In []: A = np.arange(1,13).reshape(4,3)
In []: A
Out[]: 
array([[ 1,  2,  3],
      [ 4,  5,  6],
      [ 7,  8,  9],
      [10, 11, 12]])

Step 1:

To insert a diagonal of zeros, it will require making a new 2d array of shape px q+1.

Before this we create a 2d array with column index values of non-diagonal elements for the new 2d array like this

In []: columnIndexArray = np.delete(np.meshgrid(np.arange(q+1), np.arange(p))[0], np.arange(0, p * (q+1), q+2)).reshape(p,q)

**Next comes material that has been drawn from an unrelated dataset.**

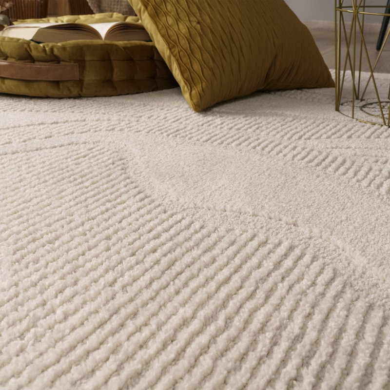 Ez a modern 3D krém szőnyeg ideális választás, ha szeretnél letisztult, skandináv hangulatot és vizuális élményt vinni a nappalidba, miközben praktikus és tartós megoldást keresel.

The output of the above will look as follows:

In []: columnIndexArray
Out[]: 
array([[1, 2, 3],
      [0, 2, 3],
      [0, 1, 3],
      [0, 1, 2]])

Step 2:

Now construct px q+1 2d array of zeros like this

In []: B = np.zeros((p,q+1))

In []: B
Out[]: 
array([[ 0.,  0.,  0.,  0.],
       [ 0.,  0.,  0.,  0.],
       [ 0.,  0.,  0.,  0.],
       [ 0.,  0.,  0.,  0.]])

Step 3:

Now assign the non diagonal elements with the values from A

In []: B[np.arange(p)[:,None], columnIndexArray] = A

In []: B
Out[]: 
array([[  0.,   1.,   2.,   3.],
      [  4.,   0.,   5.,   6.],
      [  7.,   8.,   0.,   9.],
      [ 10.,  11.,  12.,   0.]])

Note: To make your code dynamic replace p with A.shape[0] and q with A.shape[1] respectively.

Answer 6

Again, I don't know how fast it is but you could try using numpy.lib.stride_tricks.as_strided :

import numpy as np
as_strided = np.lib.stride_tricks.as_strided

matrix = (np.arange(12)+1).reshape((4,3))

n, m = matrix.shape
t = matrix.reshape((m, n))
t = np.hstack((np.array([[0]*m]).T, t))
t = np.vstack((t, [0]*(n+1)))
q = as_strided(t, (n,n), (t.itemsize*n, 8))
print(q)

Output:

[[ 0  1  2  3]
 [ 4  0  5  6]
 [ 7  8  0  9]
 [10 11 12  0]]

That is, pad the reshaped array left and bottom with zeros and stride to put the left-hand zeros on the diagonal. Unfortunately, you need the bottom row of zeros to get the final zero in your output matrix in the case of (n+1,n) arrays (since eg 5*3=15 is one less than 4*4=16). You can do without this if you start with a square matrix.